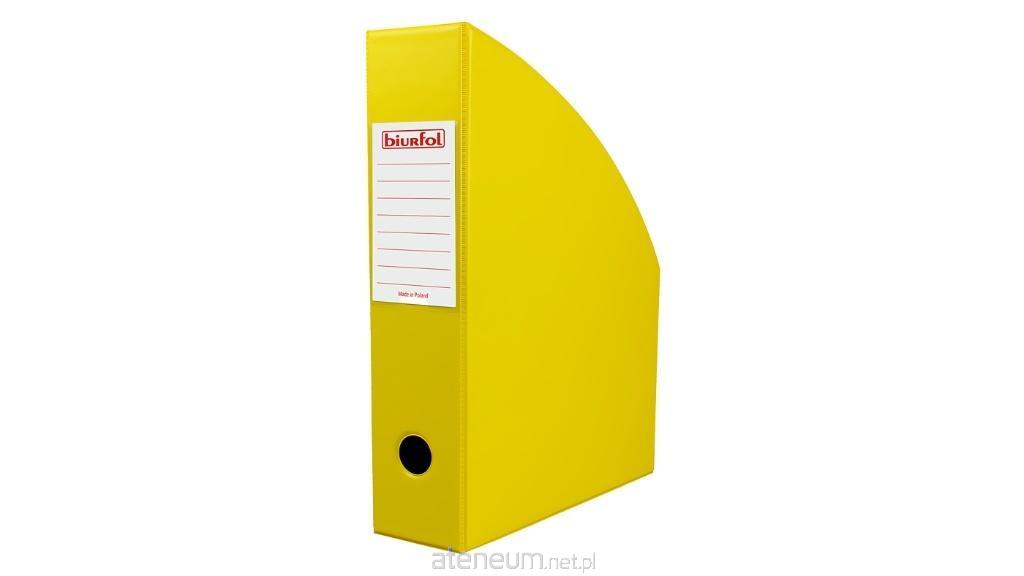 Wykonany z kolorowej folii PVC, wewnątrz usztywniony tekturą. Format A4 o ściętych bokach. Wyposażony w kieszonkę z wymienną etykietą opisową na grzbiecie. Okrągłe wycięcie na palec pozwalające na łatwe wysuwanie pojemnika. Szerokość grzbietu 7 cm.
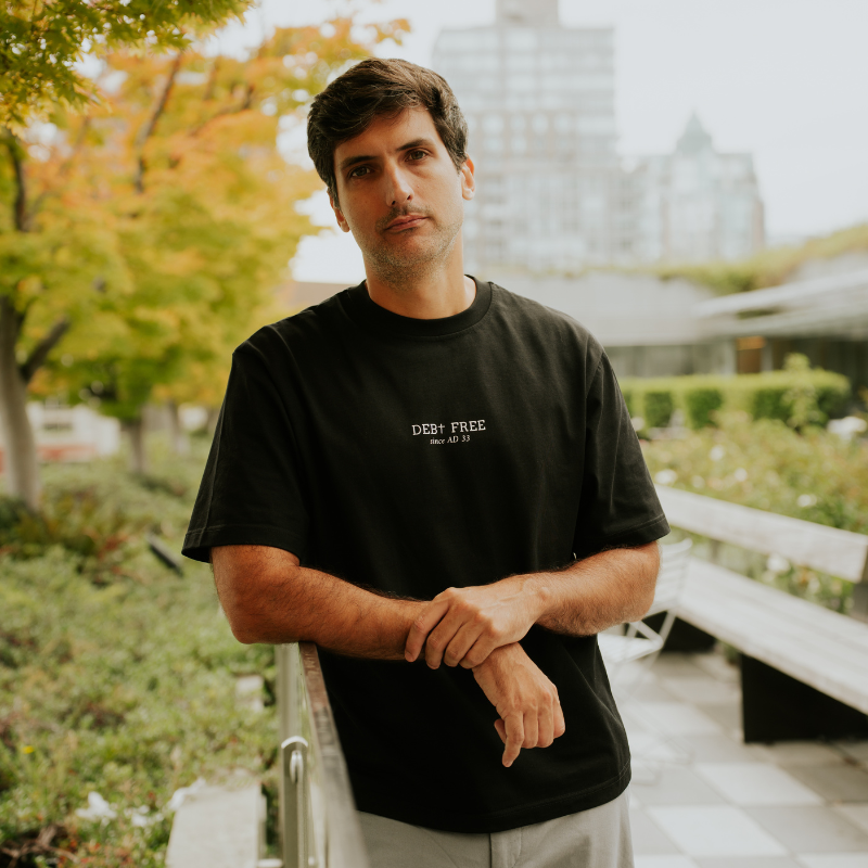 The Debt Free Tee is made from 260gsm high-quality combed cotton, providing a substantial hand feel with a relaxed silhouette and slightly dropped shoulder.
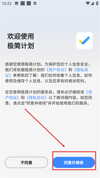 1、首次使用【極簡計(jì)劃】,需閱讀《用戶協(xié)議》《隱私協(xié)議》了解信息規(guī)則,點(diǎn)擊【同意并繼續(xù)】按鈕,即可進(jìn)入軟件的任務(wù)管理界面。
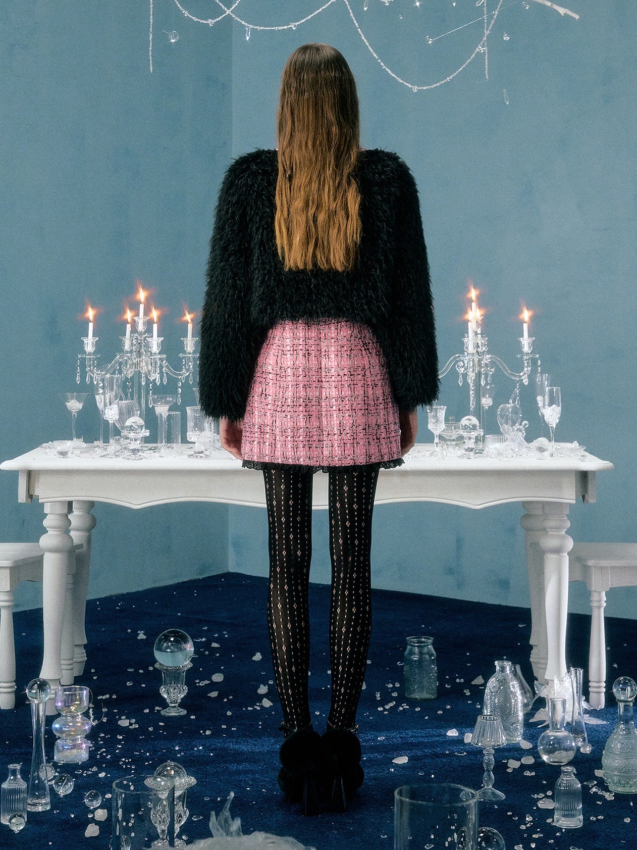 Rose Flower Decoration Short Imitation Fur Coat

WORK ORDER:
The answer should contain every line of the material exactly as written and no pictures.

TASK RESPONSE:
 Wykonany z kolorowej folii PVC, wewnątrz usztywniony tekturą. Format A4 o ściętych bokach. Wyposażony w kieszonkę z wymienną etykietą opisową na grzbiecie. Okrągłe wycięcie na palec pozwalające na łatwe wysuwanie pojemnika. Szerokość grzbietu 7 cm.
 The Debt Free Tee is made from 260gsm high-quality combed cotton, providing a substantial hand feel with a relaxed silhouette and slightly dropped shoulder.
 1、首次使用【極簡計(jì)劃】,需閱讀《用戶協(xié)議》《隱私協(xié)議》了解信息規(guī)則,點(diǎn)擊【同意并繼續(xù)】按鈕,即可進(jìn)入軟件的任務(wù)管理界面。
 Rose Flower Decoration Short Imitation Fur Coat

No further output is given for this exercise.